DATA FOR THIS EXERCISE:
:::::

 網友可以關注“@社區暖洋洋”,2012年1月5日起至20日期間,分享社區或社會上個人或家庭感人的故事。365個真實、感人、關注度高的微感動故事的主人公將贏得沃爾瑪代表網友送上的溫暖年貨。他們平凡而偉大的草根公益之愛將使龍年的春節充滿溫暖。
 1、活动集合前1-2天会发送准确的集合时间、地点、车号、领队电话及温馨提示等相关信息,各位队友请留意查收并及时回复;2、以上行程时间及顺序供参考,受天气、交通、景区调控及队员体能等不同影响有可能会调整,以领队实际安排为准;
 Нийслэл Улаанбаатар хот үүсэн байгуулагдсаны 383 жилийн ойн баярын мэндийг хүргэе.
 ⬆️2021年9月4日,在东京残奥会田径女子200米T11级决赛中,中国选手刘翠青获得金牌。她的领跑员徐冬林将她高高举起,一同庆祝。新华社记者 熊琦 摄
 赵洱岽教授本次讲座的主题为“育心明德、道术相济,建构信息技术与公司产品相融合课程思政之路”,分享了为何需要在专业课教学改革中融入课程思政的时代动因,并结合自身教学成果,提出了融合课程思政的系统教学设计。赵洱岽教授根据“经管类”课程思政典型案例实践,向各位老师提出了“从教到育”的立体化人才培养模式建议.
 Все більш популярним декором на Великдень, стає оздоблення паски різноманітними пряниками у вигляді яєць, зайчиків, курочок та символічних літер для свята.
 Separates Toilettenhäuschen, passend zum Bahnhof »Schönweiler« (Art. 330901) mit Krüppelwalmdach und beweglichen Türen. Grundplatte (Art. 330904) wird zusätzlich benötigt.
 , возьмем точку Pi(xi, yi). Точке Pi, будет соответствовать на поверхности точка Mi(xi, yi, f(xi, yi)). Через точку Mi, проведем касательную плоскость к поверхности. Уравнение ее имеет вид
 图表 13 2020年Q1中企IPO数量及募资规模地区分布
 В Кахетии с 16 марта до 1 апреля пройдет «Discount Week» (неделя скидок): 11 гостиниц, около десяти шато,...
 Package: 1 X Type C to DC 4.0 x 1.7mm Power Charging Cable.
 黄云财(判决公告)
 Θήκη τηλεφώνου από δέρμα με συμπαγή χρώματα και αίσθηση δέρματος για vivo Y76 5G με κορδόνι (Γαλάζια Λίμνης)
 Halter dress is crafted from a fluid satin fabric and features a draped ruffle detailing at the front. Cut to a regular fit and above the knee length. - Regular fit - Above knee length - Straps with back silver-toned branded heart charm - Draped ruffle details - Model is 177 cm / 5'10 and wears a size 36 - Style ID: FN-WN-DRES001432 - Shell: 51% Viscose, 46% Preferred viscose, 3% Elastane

:::::

Once you have read the material, set it down again word for word.

 網友可以關注“@社區暖洋洋”,2012年1月5日起至20日期間,分享社區或社會上個人或家庭感人的故事。365個真實、感人、關注度高的微感動故事的主人公將贏得沃爾瑪代表網友送上的溫暖年貨。他們平凡而偉大的草根公益之愛將使龍年的春節充滿溫暖。
 1、活动集合前1-2天会发送准确的集合时间、地点、车号、领队电话及温馨提示等相关信息,各位队友请留意查收并及时回复;2、以上行程时间及顺序供参考,受天气、交通、景区调控及队员体能等不同影响有可能会调整,以领队实际安排为准;
 Нийслэл Улаанбаатар хот үүсэн байгуулагдсаны 383 жилийн ойн баярын мэндийг хүргэе.
 ⬆️2021年9月4日,在东京残奥会田径女子200米T11级决赛中,中国选手刘翠青获得金牌。她的领跑员徐冬林将她高高举起,一同庆祝。新华社记者 熊琦 摄
 赵洱岽教授本次讲座的主题为“育心明德、道术相济,建构信息技术与公司产品相融合课程思政之路”,分享了为何需要在专业课教学改革中融入课程思政的时代动因,并结合自身教学成果,提出了融合课程思政的系统教学设计。赵洱岽教授根据“经管类”课程思政典型案例实践,向各位老师提出了“从教到育”的立体化人才培养模式建议.
 Все більш популярним декором на Великдень, стає оздоблення паски різноманітними пряниками у вигляді яєць, зайчиків, курочок та символічних літер для свята.
 Separates Toilettenhäuschen, passend zum Bahnhof »Schönweiler« (Art. 330901) mit Krüppelwalmdach und beweglichen Türen. Grundplatte (Art. 330904) wird zusätzlich benötigt.
 , возьмем точку Pi(xi, yi). Точке Pi, будет соответствовать на поверхности точка Mi(xi, yi, f(xi, yi)). Через точку Mi, проведем касательную плоскость к поверхности. Уравнение ее имеет вид
 图表 13 2020年Q1中企IPO数量及募资规模地区分布
 В Кахетии с 16 марта до 1 апреля пройдет «Discount Week» (неделя скидок): 11 гостиниц, около десяти шато,...
 Package: 1 X Type C to DC 4.0 x 1.7mm Power Charging Cable.
 黄云财(判决公告)
 Θήκη τηλεφώνου από δέρμα με συμπαγή χρώματα και αίσθηση δέρματος για vivo Y76 5G με κορδόνι (Γαλάζια Λίμνης)
 Halter dress is crafted from a fluid satin fabric and features a draped ruffle detailing at the front. Cut to a regular fit and above the knee length. - Regular fit - Above knee length - Straps with back silver-toned branded heart charm - Draped ruffle details - Model is 177 cm / 5'10 and wears a size 36 - Style ID: FN-WN-DRES001432 - Shell: 51% Viscose, 46% Preferred viscose, 3% Elastane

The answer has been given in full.